Closed einkoro closed 3 years ago
Also worth noting this might be a problem for sites that modify the url on load like a lot of medium sites with cnames that are setting cookies and appending parameters. A good example is or at least was: https://blog.hunter.io/
Also worth noting many sites publish feeds but do not bother to add the auto discovery markup in the head anymore such as Apple, the BBC and CNN as common examples. This could be done as a known feeds map separately.
This would probably be best as a CloudFlare worker API that’s called when no feeds are discovered. Or alternatively every page and compared with discovered feeds?
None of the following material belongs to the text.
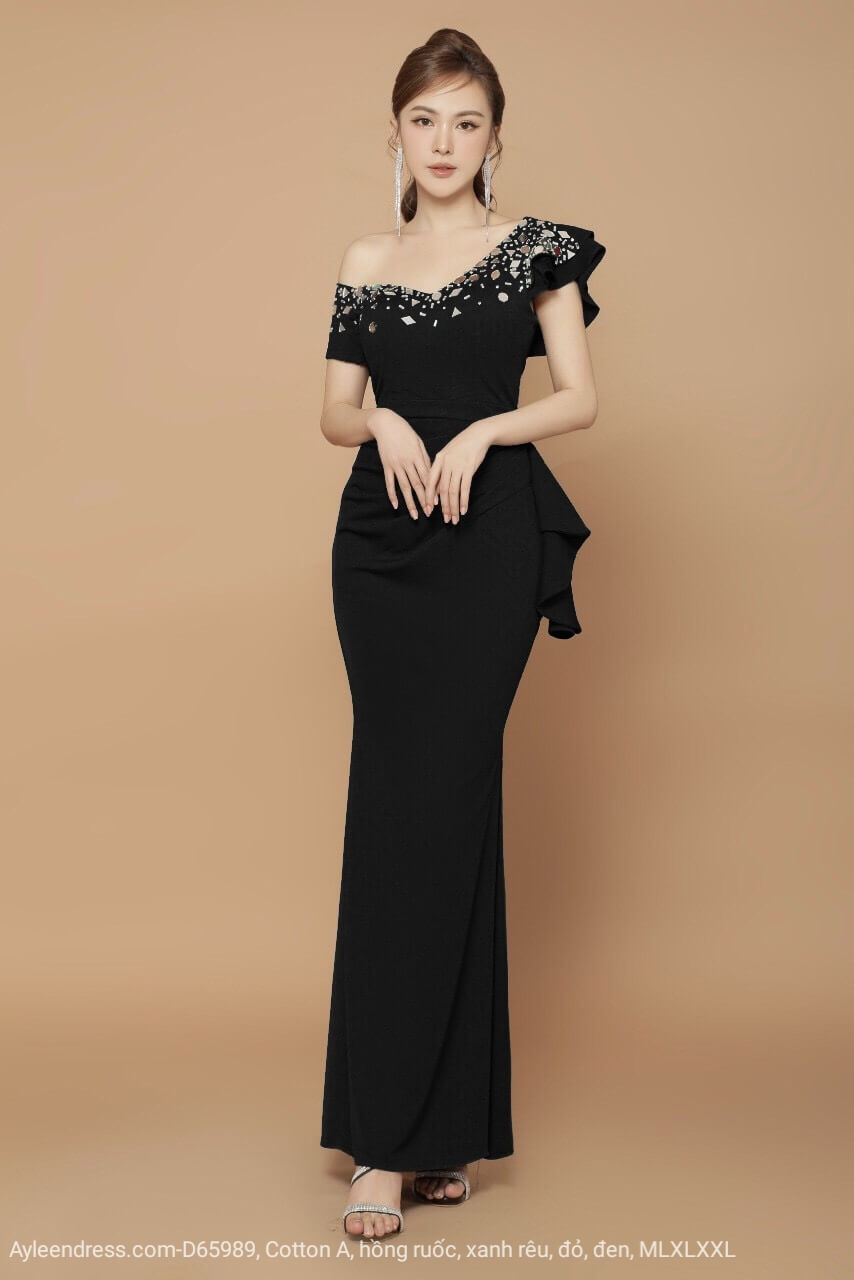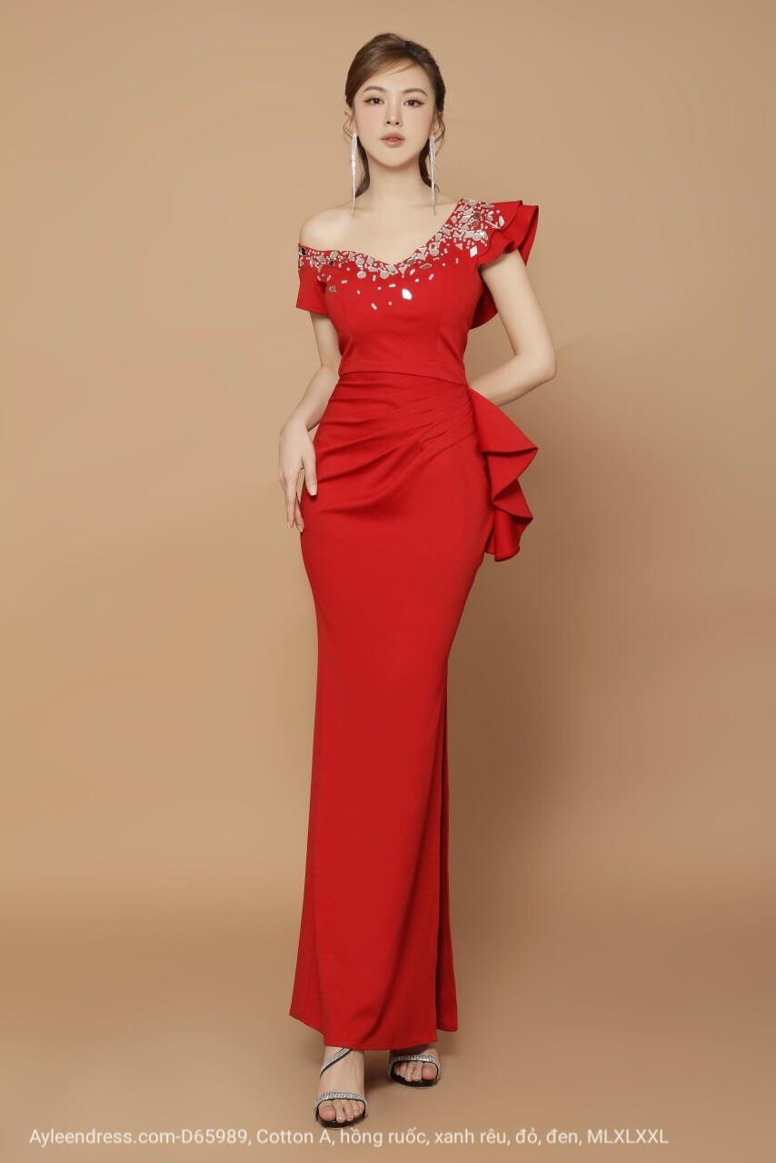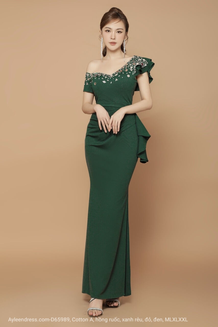 Đầm dạ hội tay ngắn lệch vai đính đá tứ giác

Examples: https://www.apple.com/ca/rss/ https://www.bbc.co.uk/news/10628494 https://www.cnn.com/services/rss/
Relevant services, APIs and projects: https://feedsearch.dev/ https://developer.feedly.com/v3/search/ https://github.com/DBeath/feedsearch-crawler https://github.com/ggkovacs/rss-finder
It might even be a better idea to spin off a new extension / web service for this than bolt it over the existing plugin due to the cost to run such a service. A yearly or monthly subscription model would make more sense for such an extension.
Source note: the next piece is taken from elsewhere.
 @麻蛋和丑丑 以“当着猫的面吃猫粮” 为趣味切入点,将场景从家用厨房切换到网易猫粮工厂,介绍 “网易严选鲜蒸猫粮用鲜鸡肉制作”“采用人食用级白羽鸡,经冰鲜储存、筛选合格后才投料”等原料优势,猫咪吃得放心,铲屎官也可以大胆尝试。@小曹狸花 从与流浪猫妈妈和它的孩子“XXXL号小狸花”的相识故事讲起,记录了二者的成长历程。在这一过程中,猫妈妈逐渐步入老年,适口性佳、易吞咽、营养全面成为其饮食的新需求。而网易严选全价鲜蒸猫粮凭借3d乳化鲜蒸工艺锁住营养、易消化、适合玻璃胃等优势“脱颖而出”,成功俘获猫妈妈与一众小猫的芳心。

How would we address private feeds such as GH?
Crawl links with text or href values containing rss, atom, rdf, json, or feed.
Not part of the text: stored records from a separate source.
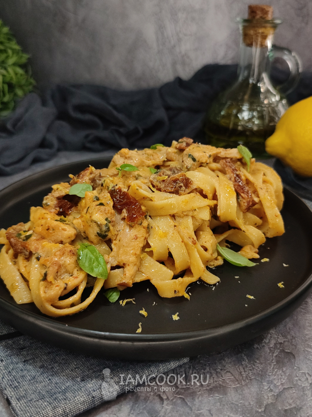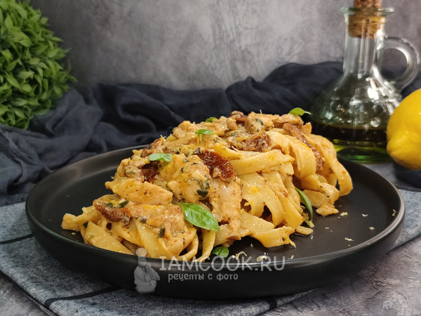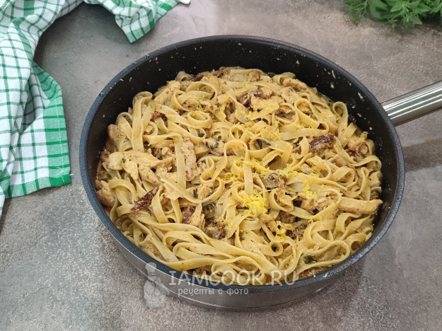 Соедините пасту с соусом, добавьте цедру лимона, перемешайте, и всё, паста с курицей и пармезаном (по мотивам пасты "Marry me") готова!
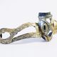 Фрагмент шлема состоит из двух частей, образующих большую часть надбровной дуги. Артефакт украшен позолотой и гранатом, а сложные узоры изображают существо с острыми зубами и большими глазами.
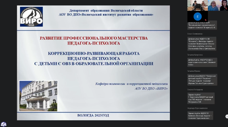 7 июня в Вологодском институте развития образования состоялся вебинар «Развитие профессионального мастерства педагога-психолога. Коррекционно-развивающая работа педагога-психолога с детьми с ОВЗ в образовательной организации». В нем приняли участие более 160 педагогов-психологов образовательных организаций Вологодской области.
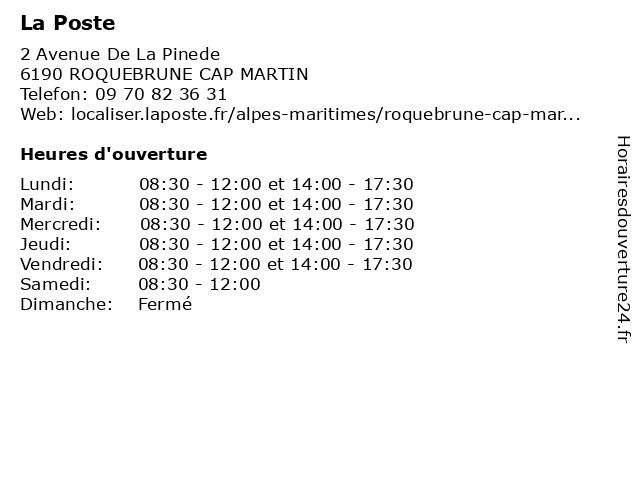 1 La Poste (Distance: 0,05 km) 2 Avenue de la Pinède, 06190 Roquebrune-Cap-Martin agence postale, courrier postal, expédition internationale, la, poste 2 La Poste (Distance: 3,59 km) 13 avenue de France, 06190 Roquebrune-Cap-Martin agence postale, courrier postal, expédition internationale, la, poste 3 La Poste (Distance: 3,94 km) 27 Avenue de Saint Roman, 06240 Beausoleil agence postale, courrier postal, expédition internationale, la, poste 4 La Poste (Distance: 5,91 km) 5 Boulevard des Moneghetti, 06240 Beausoleil agence postale, courrier postal, expédition internationale, la, poste 6 La Poste (Distance: 10,79 km) 45 Route departementale 2204, 06440 Blausasc agence postale, courrier postal, expédition internationale, la, poste |

If parsing pages for feeds was moved from the injected client side script to a server side API we wouldn’t need the entitlement for full access which is apparently scary judging by AppStore reviews complaining about security risks.
This could likely be done on AWS Lambda free tier. Additionally CloudFlare workers could be used to cache at the edge and reduce costs or the entire thing could be handled at the edge by CloudFlare workers. Much better latency (no cold starts) and much more predictable costs with only CloudFlare workers.
Pros:
Cons:
Machine learning might be viable to sniff out feeds linked on the page that don’t have alternates or for providing feeds from page content when no feeds are available.